/---

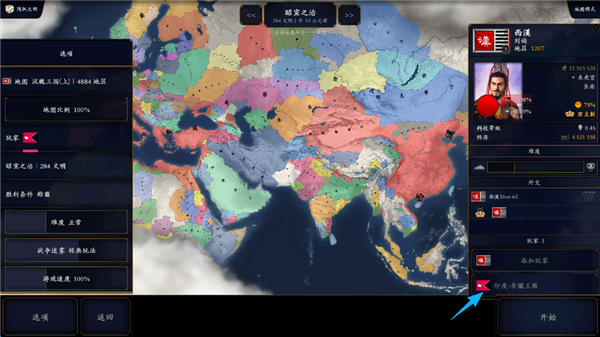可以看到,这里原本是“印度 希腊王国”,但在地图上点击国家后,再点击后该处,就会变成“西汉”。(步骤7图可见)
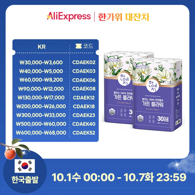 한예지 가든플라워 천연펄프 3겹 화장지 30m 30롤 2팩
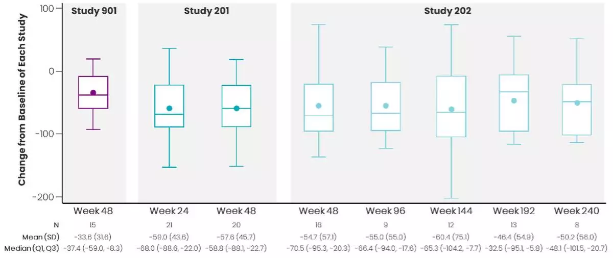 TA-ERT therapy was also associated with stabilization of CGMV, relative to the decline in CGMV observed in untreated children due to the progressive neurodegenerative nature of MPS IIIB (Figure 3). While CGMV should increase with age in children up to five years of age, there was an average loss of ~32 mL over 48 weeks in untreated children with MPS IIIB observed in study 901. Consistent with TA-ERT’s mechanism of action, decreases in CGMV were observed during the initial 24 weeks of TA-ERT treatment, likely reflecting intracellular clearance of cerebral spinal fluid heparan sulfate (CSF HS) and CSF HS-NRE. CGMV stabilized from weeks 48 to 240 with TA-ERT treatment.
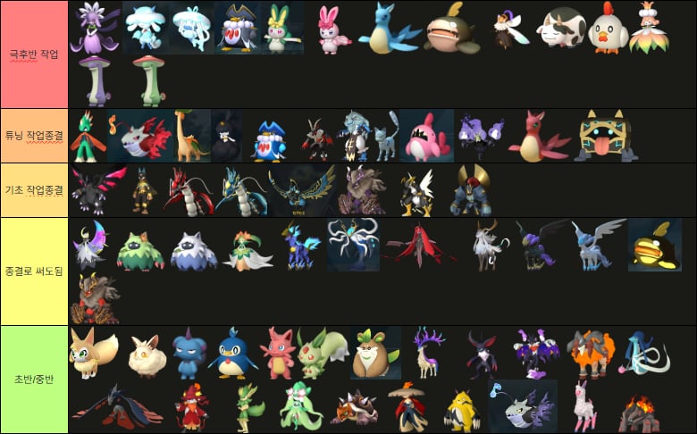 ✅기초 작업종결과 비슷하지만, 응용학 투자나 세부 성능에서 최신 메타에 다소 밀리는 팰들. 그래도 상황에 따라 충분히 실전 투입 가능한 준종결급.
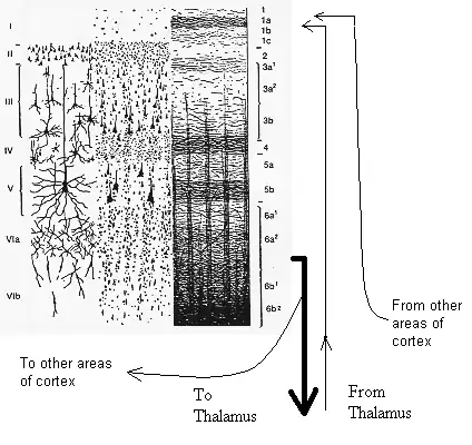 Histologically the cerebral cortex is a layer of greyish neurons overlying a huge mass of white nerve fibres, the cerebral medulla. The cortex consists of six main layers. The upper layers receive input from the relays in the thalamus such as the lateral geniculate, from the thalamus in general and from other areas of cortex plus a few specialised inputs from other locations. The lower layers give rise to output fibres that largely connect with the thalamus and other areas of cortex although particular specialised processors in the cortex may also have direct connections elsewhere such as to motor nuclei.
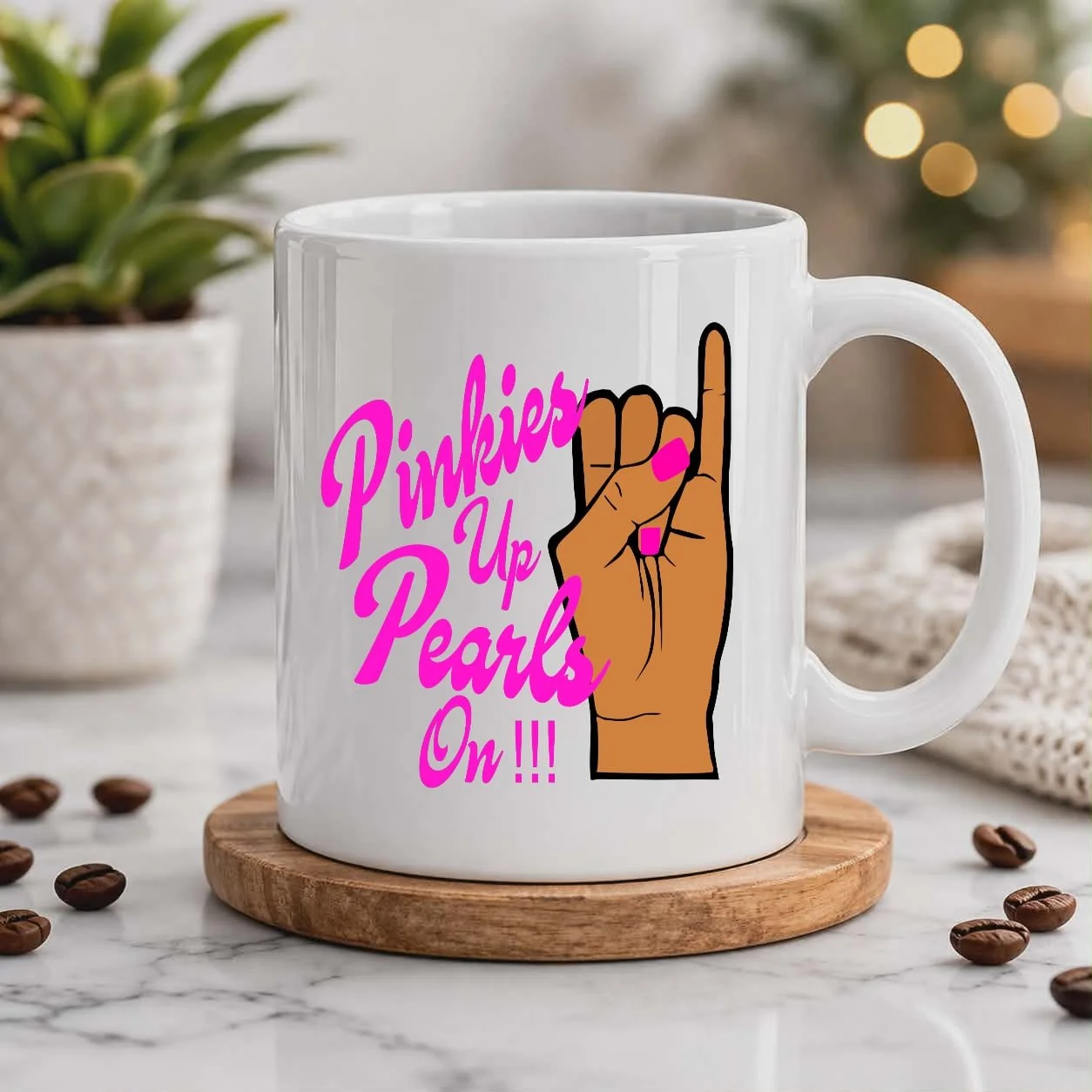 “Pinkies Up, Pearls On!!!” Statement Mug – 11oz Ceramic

\---
/---

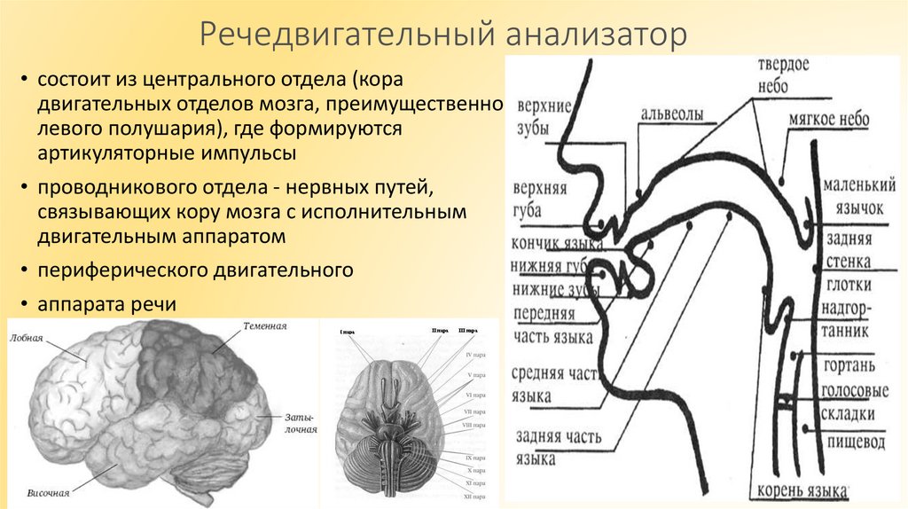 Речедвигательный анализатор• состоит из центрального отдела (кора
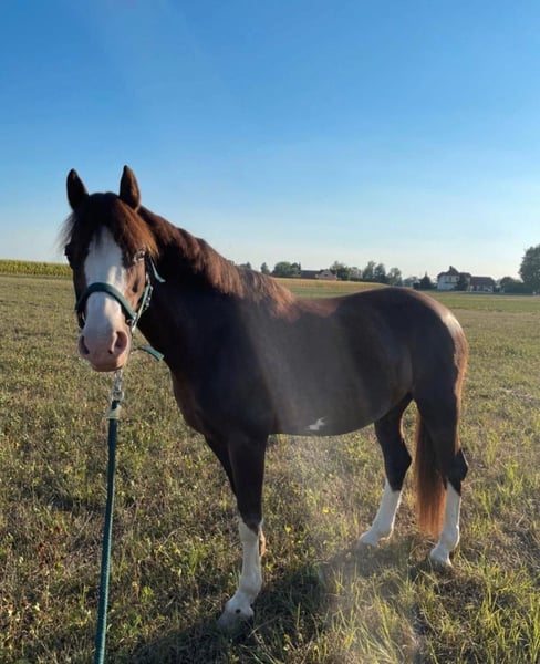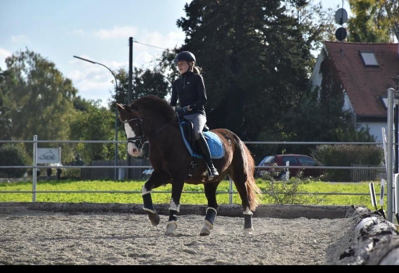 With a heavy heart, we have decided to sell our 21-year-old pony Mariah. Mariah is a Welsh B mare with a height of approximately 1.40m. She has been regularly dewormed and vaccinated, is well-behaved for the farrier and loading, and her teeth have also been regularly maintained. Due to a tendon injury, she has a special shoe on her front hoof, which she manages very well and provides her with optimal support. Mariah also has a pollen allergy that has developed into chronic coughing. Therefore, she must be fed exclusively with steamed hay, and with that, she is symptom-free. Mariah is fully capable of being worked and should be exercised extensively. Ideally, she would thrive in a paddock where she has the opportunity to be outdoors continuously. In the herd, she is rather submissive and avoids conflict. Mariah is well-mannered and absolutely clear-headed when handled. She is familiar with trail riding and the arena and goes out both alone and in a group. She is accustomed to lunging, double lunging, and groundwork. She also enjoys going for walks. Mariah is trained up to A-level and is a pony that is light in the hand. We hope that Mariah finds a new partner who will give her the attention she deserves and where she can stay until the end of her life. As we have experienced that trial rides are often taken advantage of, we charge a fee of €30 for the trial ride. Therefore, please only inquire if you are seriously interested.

\---
/---

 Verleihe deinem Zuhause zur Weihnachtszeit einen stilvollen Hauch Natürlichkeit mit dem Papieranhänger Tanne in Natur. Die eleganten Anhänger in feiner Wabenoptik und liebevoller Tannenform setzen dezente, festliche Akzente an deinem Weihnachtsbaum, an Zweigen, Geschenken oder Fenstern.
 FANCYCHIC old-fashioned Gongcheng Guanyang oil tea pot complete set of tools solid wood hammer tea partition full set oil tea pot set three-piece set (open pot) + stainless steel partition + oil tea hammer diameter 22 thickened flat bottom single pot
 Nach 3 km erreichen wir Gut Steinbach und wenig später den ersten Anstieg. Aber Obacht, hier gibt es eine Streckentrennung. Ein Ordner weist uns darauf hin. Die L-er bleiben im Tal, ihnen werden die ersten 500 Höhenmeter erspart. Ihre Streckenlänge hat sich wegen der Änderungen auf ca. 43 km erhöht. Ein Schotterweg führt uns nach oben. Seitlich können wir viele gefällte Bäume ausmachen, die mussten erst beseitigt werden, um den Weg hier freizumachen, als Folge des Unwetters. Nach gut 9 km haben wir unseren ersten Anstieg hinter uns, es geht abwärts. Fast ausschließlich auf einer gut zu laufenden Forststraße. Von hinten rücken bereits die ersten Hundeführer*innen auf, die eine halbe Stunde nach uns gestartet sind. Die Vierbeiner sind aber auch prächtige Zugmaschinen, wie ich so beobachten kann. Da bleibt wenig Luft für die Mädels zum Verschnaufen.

\---

• _Description of the task_
Since the pictures are not part of the copy, please transcribe only the lines above from the one with "한예지 가든플라워 천연펄프 3겹 화장지 30m 30롤 2팩" through the one with "투입 가능한 준종결급.", exactly and with both ends.

• _Written solution_
 한예지 가든플라워 천연펄프 3겹 화장지 30m 30롤 2팩
 TA-ERT therapy was also associated with stabilization of CGMV, relative to the decline in CGMV observed in untreated children due to the progressive neurodegenerative nature of MPS IIIB (Figure 3). While CGMV should increase with age in children up to five years of age, there was an average loss of ~32 mL over 48 weeks in untreated children with MPS IIIB observed in study 901. Consistent with TA-ERT’s mechanism of action, decreases in CGMV were observed during the initial 24 weeks of TA-ERT treatment, likely reflecting intracellular clearance of cerebral spinal fluid heparan sulfate (CSF HS) and CSF HS-NRE. CGMV stabilized from weeks 48 to 240 with TA-ERT treatment.
 ✅기초 작업종결과 비슷하지만, 응용학 투자나 세부 성능에서 최신 메타에 다소 밀리는 팰들. 그래도 상황에 따라 충분히 실전 투입 가능한 준종결급.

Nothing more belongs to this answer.